_DATA BLOCK_
***

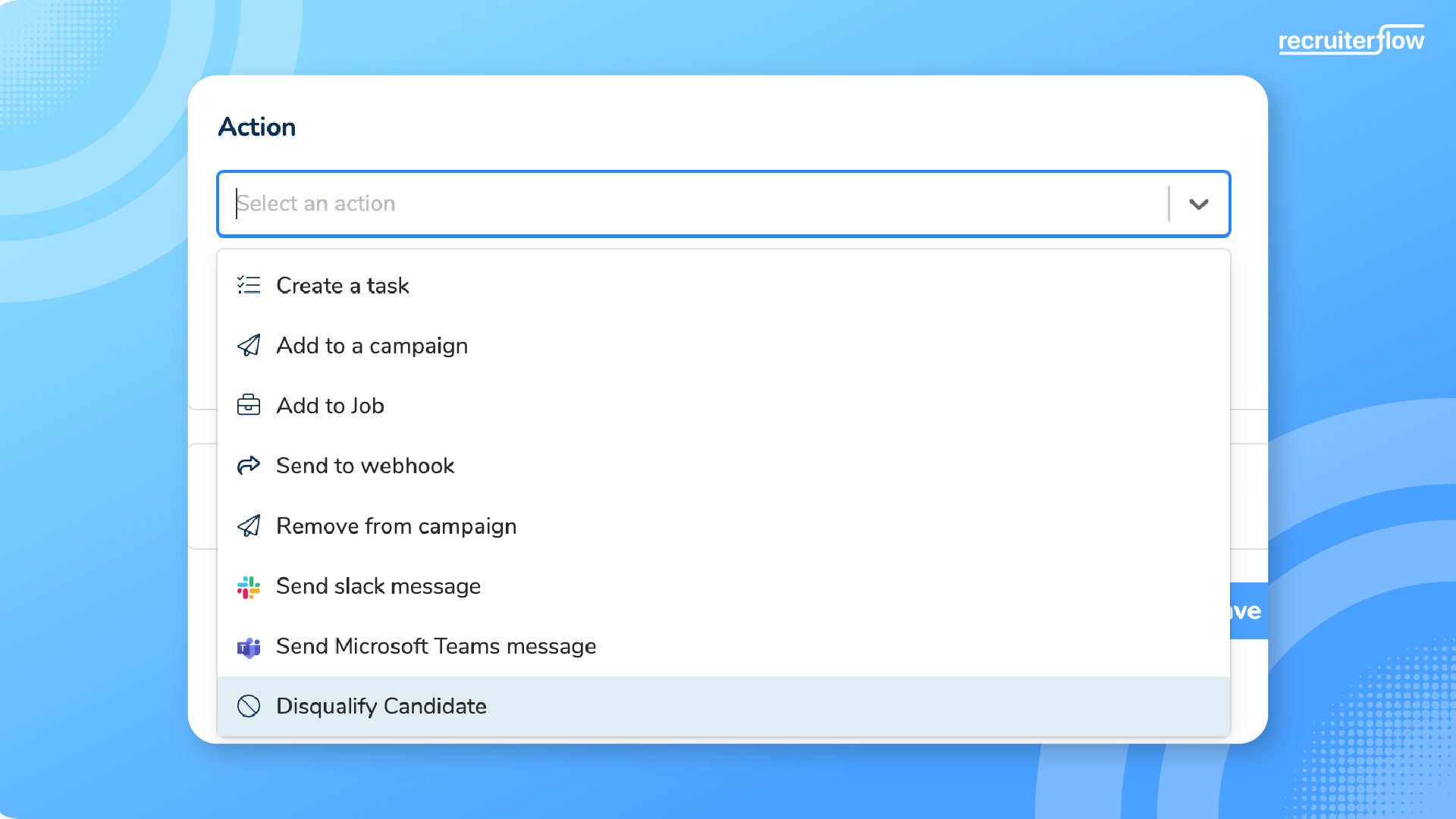 We have now added a ‘Disqualify Candidate’ action under Recipes to help you filter profiles that do not meet certain criteria. You can set an automated flow for this using any of the triggers available.
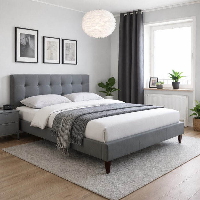 Patul tapitat HM Samara 2 beneficiaza de o structura robusta, realizata pentru a rezista utilizarii zilnice. Tapiteria din stofa de calitate, in nuanta eleganta de gri, este placuta la atingere, rezistenta si usor de integrat in diferite stiluri de amenajare – modern, minimalist sau contemporan.
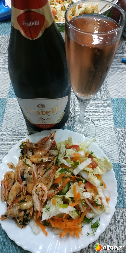 Жаренные криветки с чесноком, салат, и бокальчик шампусика

***

_WHAT IS BEING ASKED_
Give back, word for word, the lines from the one containing "Patul tapitat HM" through the last line of the listing above; include both ends and exclude the pictures.

_TASK SOLUTION_
 Patul tapitat HM Samara 2 beneficiaza de o structura robusta, realizata pentru a rezista utilizarii zilnice. Tapiteria din stofa de calitate, in nuanta eleganta de gri, este placuta la atingere, rezistenta si usor de integrat in diferite stiluri de amenajare – modern, minimalist sau contemporan.
 Жаренные криветки с чесноком, салат, и бокальчик шампусика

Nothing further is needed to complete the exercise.